1. Example or Own Data? (ASK THIS FIRST):
- a) TCGA Breast Cancer (recommended for demo)
- 1,100+ patients with overall survival, molecular subtypes (HR+/HER2-, HR+/HER2+, HER2+, Triple Negative), stage, age, ER/PR/HER2 status
- Requires download (~50MB via RTCGA.clinical, cached after first run)
- b) NCCTG Lung Cancer (quick demo, no download)
- 228 advanced lung cancer patients, sex stratification, ECOG performance status
- Built-in R dataset — runs instantly
- c) I have my own clinical data to analyze
- Continue to Questions 2-3 below
IF EXAMPLE SELECTED (option a or b): Proceed to Question 2 for analysis options. Skip Question 3.
2. Analysis Options (structured — for all datasets):
- Stratification variable?
- a) Default for dataset (mol_subtype for TCGA BRCA, sex for Lung)
- b) Stage
- c) Age group
- Risk stratification method?
- a) Median split — 2 groups (recommended)
- b) Tertiles — 3 groups
- c) Quartiles — 4 groups
3. Data Details (own data only — free-text OK):
- What is the time column name? Units (days/months/years)?
- What is the event column name? What does 1 represent (death/relapse/progression)?
- What stratification variable? What covariates for the Cox model?
Standard Workflow
🚨 MANDATORY: USE SCRIPTS EXACTLY AS SHOWN - DO NOT WRITE INLINE CODE 🚨
Step 1 - Load data:
source("scripts/load_example_data.R")
data <- load_example_data(dataset = "tcga_brca")

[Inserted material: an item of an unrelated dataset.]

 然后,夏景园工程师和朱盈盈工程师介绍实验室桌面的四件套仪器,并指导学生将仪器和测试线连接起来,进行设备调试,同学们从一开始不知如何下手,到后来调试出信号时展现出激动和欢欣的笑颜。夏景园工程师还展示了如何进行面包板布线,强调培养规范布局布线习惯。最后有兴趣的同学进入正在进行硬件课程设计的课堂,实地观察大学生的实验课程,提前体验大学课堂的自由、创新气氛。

# OR: data <- load_example_data(dataset = "lung")
# OR: data <- load_user_data("path/to/clinical.csv", time_col = "time", event_col = "status")
DO NOT write custom data loading code. Use the loader functions.
✅ VERIFICATION: You MUST see: "✓ TCGA BRCA data loaded successfully!" (or similar)
Step 2 - Run survival analysis:
source("scripts/basic_workflow.R")
result <- run_survival_analysis(data)
# Optional: result <- run_survival_analysis(data, risk_strata_method = "tertiles")
# Optional: result <- run_survival_analysis(data, covariates = c("age", "stage"))
DO NOT write inline Cox/KM code (coxph, survfit, etc.). Just source and call.
✅ VERIFICATION: You MUST see: "✓ Survival analysis completed successfully!"
❌ IF YOU DON'T SEE THIS: You wrote inline code. Stop and use source().
Step 3 - Generate visualizations:
source("scripts/survival_plots.R")
generate_all_plots(result, output_dir = "results")
DO NOT write inline plotting code (ggsave, ggplot, ggsurvplot, etc.). Just use generate_all_plots().
The script handles PNG + SVG export with graceful fallback for SVG dependencies.
✅ VERIFICATION: You MUST see: "✓ All survival plots generated successfully!"
Step 4 - Export results:
source("scripts/export_results.R")
export_all(result, output_dir = "results")
DO NOT write custom export code. Use export_all() to save all outputs including RDS.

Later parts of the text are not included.